Андрей достал телефон. На экране список неотложных дел по магазину. Мир его бизнеса уже был четким и предсказуемым, где он был хозяином. А здесь… Здесь был ветер, детский смех, слезы, страх и огромная, неподъемная ответственность за чужих, но теперь уже его крестниц и их мать.

Он сунул телефон в карман, не глядя на список дел. Подошел к столу. Сегодня его место было здесь. У крестильного стола Даши Орловой. Его новая, невыбранная, но принятая должность: крёстный второй дочери Полины. На год защита и опора для семьи. Андрей Назаров впервые за долгое время чувствовал, что стоит на твердой, пусть и чужой, но настоящей земле. Земле долга, который был страшнее и значительнее любого бизнес-плана.

Глава 25. Дербент

Поезд, словно усталый стальной зверь, выдохнул клубы пара на перроне Махачкалы. Клим Орлов первым спрыгнул на раскаленные от солнца плиты. Сумка с нехитрыми пожитками тяжело свисала с плеча. Воздух ударил в лицо – густой, соленый, пропитанный незнакомыми запахами моря, специй и горячего асфальта. Такой разительно непохожий на легкую, хвойную прохладу Сортавала. За спиной с грохотом и шутками сползали на землю его сослуживцы по эшелону, такие же сонные и помятые долгой дорогой из Карелии.

– Ну вот и Каспий, Орлов, – хрипло процедил старший сержант Петров, закуривая. – Добро пожаловать в южную сказку. С колоритом.

Клим лишь кивнул, глотая непривычно теплый, влажный воздух. Глаза невольно искали в кармане гимнастерки – не фотографию, он знал ее наизусть, а само ощущение того маленького квадратика бумаги, где улыбались Полина и их дочки. Сердце сжалось тугим узлом. Год. Всего год, и он снова будет дома. Но их смех казался сейчас таким далеким и призрачным, как запах ее волос…

Дорога до Дербента на видавшем виды военном «УАЗике» пролетела в пыльном мареве. За окнами мелькали террасы виноградников, цепляющиеся за склоны невысоких, выжженных солнцем гор, редкие селения с плоскими крышами, минареты мечетей, острыми иглами вонзающиеся в бездонную синеву неба. Цвета здесь были ярче, контрастнее, чем на севере: охристые скалы, изумрудная зелень садов, вдали лазурь моря. Лето в Дагестане – это зной и жара.

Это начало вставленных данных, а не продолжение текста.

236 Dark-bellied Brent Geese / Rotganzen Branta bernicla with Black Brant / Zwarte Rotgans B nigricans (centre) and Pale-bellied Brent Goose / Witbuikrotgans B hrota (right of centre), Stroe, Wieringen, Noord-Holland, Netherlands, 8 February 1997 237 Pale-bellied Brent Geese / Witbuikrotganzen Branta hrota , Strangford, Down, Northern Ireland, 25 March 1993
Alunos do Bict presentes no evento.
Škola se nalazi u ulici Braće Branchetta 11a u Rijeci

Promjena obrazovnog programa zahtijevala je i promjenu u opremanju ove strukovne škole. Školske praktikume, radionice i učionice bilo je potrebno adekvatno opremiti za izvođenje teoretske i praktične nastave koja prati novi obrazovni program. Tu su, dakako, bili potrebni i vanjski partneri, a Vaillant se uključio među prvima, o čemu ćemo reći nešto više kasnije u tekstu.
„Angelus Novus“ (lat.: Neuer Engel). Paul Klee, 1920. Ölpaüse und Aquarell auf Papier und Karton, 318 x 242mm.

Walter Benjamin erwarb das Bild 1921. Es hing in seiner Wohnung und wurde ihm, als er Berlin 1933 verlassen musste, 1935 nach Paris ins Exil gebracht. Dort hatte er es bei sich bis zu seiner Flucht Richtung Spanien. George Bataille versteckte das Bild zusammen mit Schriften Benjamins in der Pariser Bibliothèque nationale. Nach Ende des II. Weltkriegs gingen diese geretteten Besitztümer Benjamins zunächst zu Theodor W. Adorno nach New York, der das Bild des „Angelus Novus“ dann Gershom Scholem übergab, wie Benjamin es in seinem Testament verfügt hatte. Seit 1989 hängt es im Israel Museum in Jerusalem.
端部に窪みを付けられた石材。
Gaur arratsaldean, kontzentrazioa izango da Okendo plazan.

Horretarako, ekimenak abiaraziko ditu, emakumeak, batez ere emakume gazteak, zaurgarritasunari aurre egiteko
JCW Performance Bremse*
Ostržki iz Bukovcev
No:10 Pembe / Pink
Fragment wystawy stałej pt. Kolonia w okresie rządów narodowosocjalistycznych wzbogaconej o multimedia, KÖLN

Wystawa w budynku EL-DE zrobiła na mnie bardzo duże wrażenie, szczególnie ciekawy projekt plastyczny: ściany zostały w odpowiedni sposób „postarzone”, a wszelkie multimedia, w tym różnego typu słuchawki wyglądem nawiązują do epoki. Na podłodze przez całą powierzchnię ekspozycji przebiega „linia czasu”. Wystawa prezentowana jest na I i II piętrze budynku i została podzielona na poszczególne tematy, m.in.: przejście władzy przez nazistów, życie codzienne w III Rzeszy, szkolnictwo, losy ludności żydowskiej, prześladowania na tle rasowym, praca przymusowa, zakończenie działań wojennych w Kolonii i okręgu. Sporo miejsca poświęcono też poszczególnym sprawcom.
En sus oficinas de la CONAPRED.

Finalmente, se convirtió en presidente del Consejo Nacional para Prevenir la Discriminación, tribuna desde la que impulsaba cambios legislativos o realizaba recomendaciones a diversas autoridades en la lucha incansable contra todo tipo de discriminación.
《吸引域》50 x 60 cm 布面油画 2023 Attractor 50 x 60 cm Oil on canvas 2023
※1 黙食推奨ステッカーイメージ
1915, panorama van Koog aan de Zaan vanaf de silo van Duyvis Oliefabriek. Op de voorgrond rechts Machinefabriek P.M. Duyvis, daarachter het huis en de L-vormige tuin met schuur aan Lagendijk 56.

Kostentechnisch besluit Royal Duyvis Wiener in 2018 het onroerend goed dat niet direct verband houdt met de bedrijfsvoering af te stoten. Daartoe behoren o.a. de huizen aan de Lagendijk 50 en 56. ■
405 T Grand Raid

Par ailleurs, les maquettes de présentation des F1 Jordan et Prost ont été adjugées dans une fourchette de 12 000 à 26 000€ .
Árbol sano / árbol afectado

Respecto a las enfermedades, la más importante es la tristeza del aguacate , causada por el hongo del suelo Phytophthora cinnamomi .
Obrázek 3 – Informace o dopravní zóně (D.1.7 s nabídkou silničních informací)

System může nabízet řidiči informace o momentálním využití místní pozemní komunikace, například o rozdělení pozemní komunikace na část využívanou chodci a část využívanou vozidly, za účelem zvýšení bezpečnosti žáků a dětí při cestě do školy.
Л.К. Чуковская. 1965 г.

– Красиво, – невольно вырвалось у Клима, когда показались древние стены Дербента, серо-желтые, испещренные временем, будто вырастающие прямо из горы. – Прям, настоящая крепость.

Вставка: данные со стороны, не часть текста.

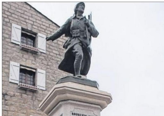
Aucun membre ne souhaitant se présenter à la tête du bureau de la section, la dissolution a été prononcée.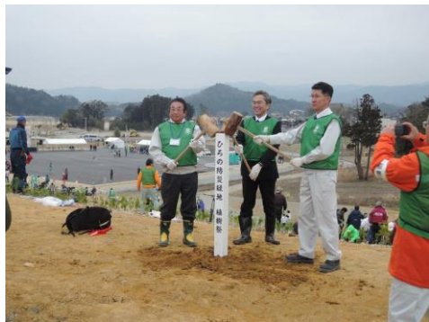
ひろの防災緑地植樹祭の様子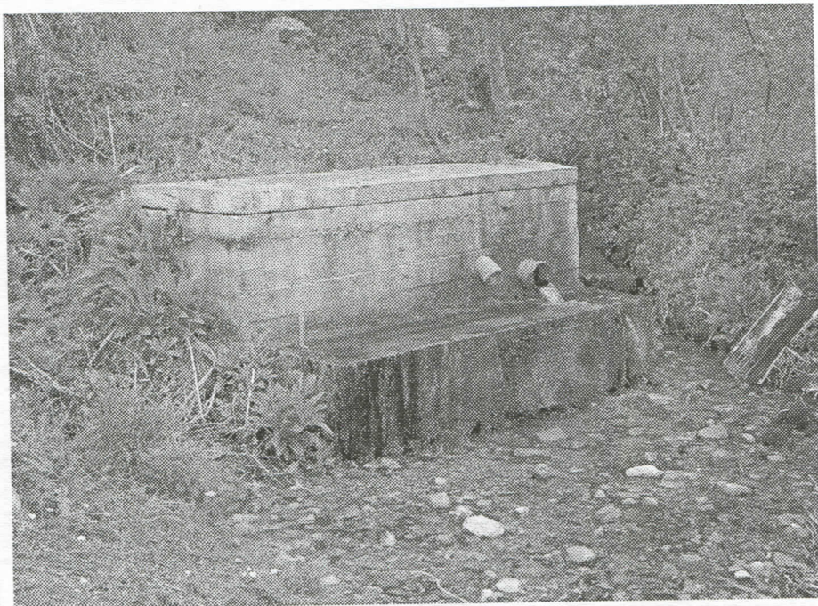
Пепељска бела вода

Проблем настаје када су се мештани Пепеља побунили плашећи се да ће остати без јединог извора у селу. Њихов страх подгревају и извештаји надлежних органа о значајном капацитету извора, који по њима нсу меродавни, јер, како кажу, мерења се увек врше у раном пролећном периоду када је доток воде највећи од снега са Поникава и обилних пролећних киша. Постојећи прелив у сушном периоду начисто пресахне а на њему се налази још 5 воденица поточара од преко 20 колико је некада било. Из разговора са њима сазнали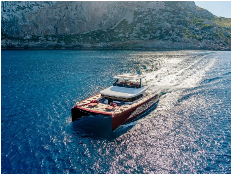
Lagoon Sixty 7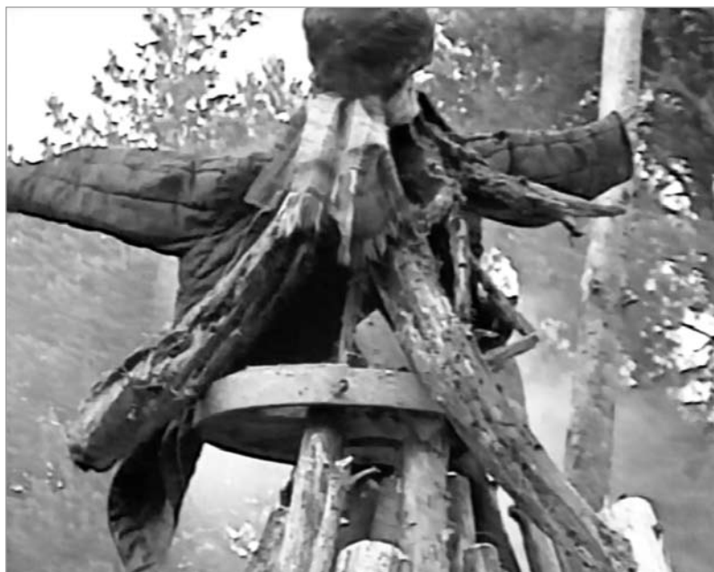
Спальванне купальскай лялькі-чучала. Полацкі раён. 1995 г.

Звычайна гэта можа быць чучала, падобнае на цела дарослага чалавека, ці лялька, што нагадвае спавітае немаўля. Лялькі першага тыпу падобныя на слуп ці крыж, яны шырока распаў-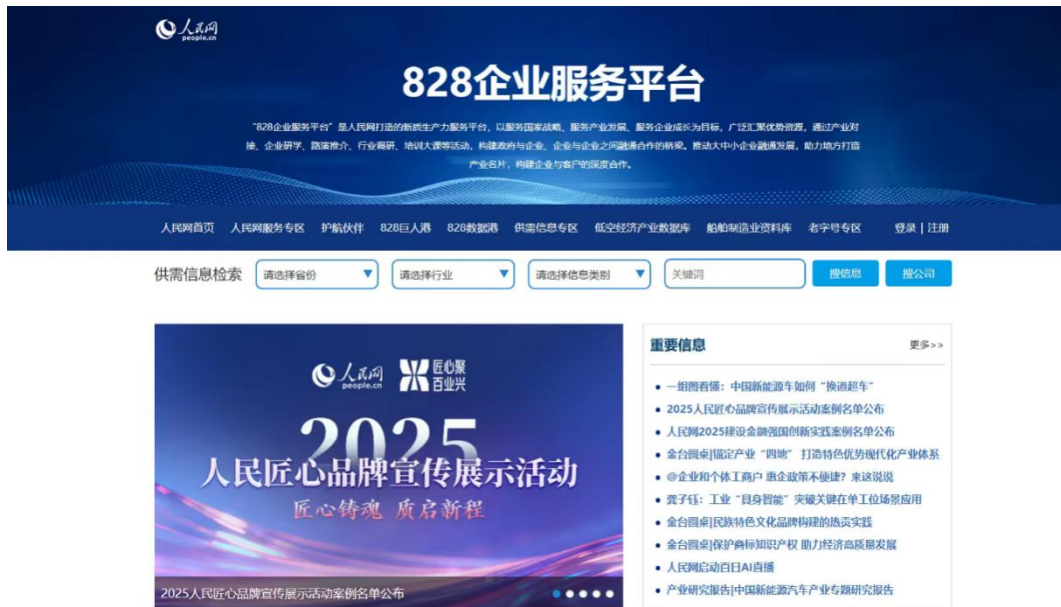
“828 企业服务平台”官网

数据港”“京津冀人才港”等产业服务平台，同时上线低空经济产业数据库，启动“雄安 AI 科技大厦”，在产业服务方面迈出坚实步伐。“828 巨人港”持续开展产业对接会、路演沙龙、政策宣讲会、企业研学等活动，推出“走进北交所”“小巨人加速营”“巨人港观察·伙伴故事”等特色服务，丰富资源对接通道，巩固和提升政府、产业与企业服务能力。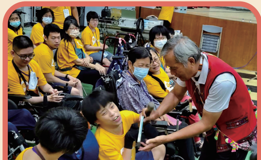
多元融合，腦麻學生進行原民文化體驗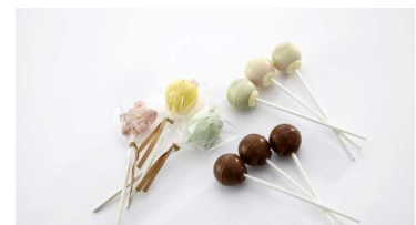
ロリポップチョコレート 1本 180円・300円

メリーチョコレートが手がけるチョコレート専門店。世界的なチョコレート展「サロン・ド・ショコラ パリ」で4ツ星に輝いたメリーチョコレートがいつものショッピングを楽しむマルシェのように、毎日立ち寄りたくなるチョコレートショップを新たにご提案します。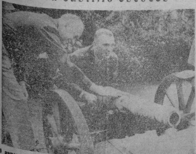
El general Eisenhower y su hijo el capitán John Eisenhower examinan un cañón viejo emplazado en los terrenos del Castillo de Culzean en el Condado de Ayrshire (Escocia), que le fué regalado por su destacada labor durante la guerra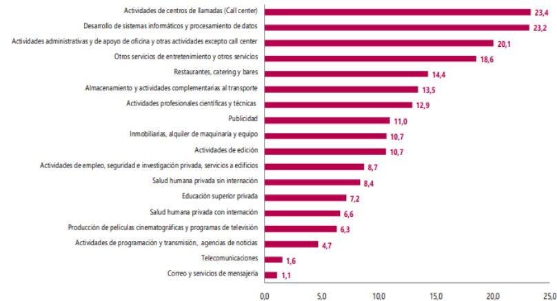
Gráfico 1. Variación anual de los ingresos nominales, según subsector de servicios Total nacional Diciembre 2022 P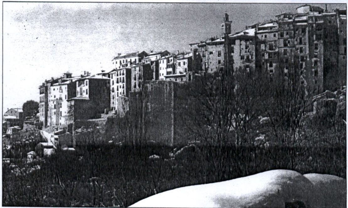
"Cuenca para mí es una ciudad fantástica porque parece en fondo de los que ha pintado Leonardo da Vinci"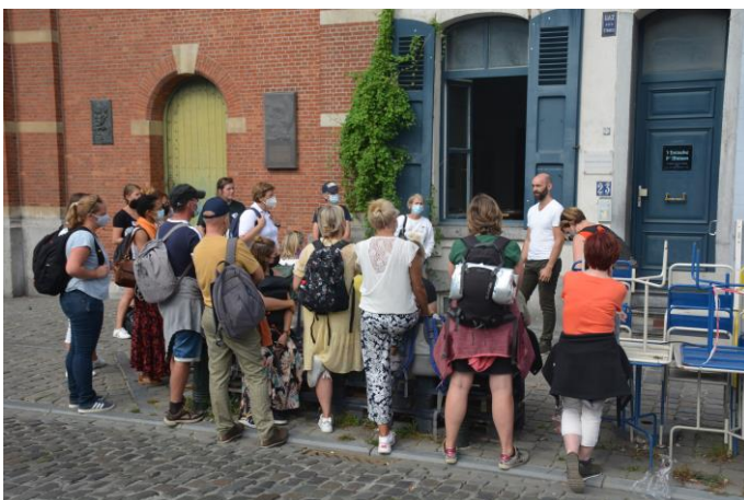
Bij de vzw Vrienden van het Huizeke aan het Vossenplein.

onze gastvrijheid niet louter materieel kan zijn : het essentieelste is het hart.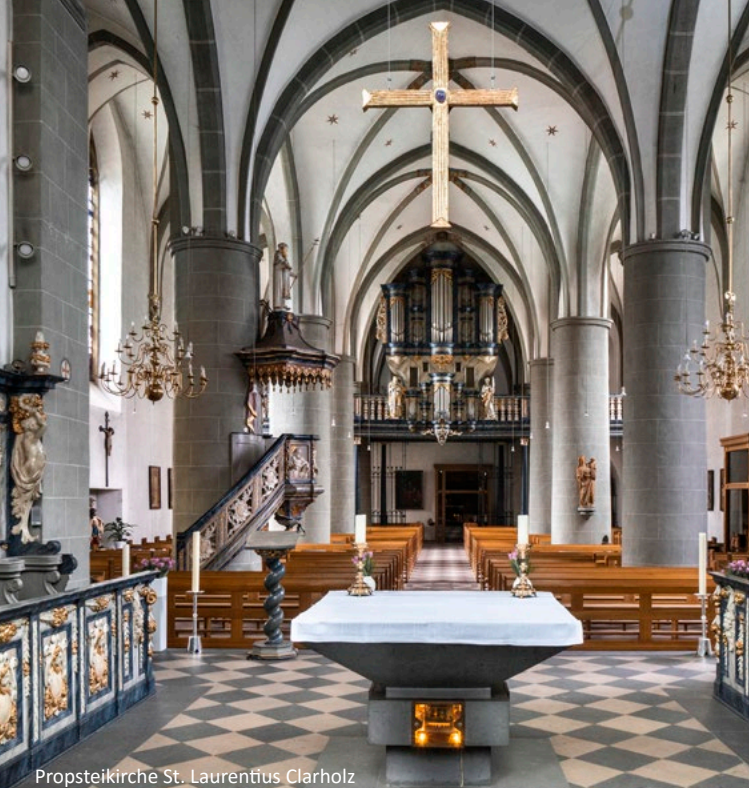
Propsteikirche St. Laurentius Clarholz

– Красота красотой, а служба службой, – буркнул водитель, бывалый прапорщик. – Тут каждый камень историю помнит. И кровью полит, не раз. Здесь нужна бдительность, парни.

«Дербентская» застава встретила их не парадным строем, а привычной будничной суетой. Солдаты чистили оружие у казармы, кто-то возился у вышки наблюдения, повар в застиранной робе выносил ведро. Запахи смешались: машинное масло, пыль, вареная капуста из столовой и все тот же, неистребимый соленый дух Каспия.

– Прибыли по замене? – к ним быстрым шагом направился капитан с усталым, но внимательным лицом.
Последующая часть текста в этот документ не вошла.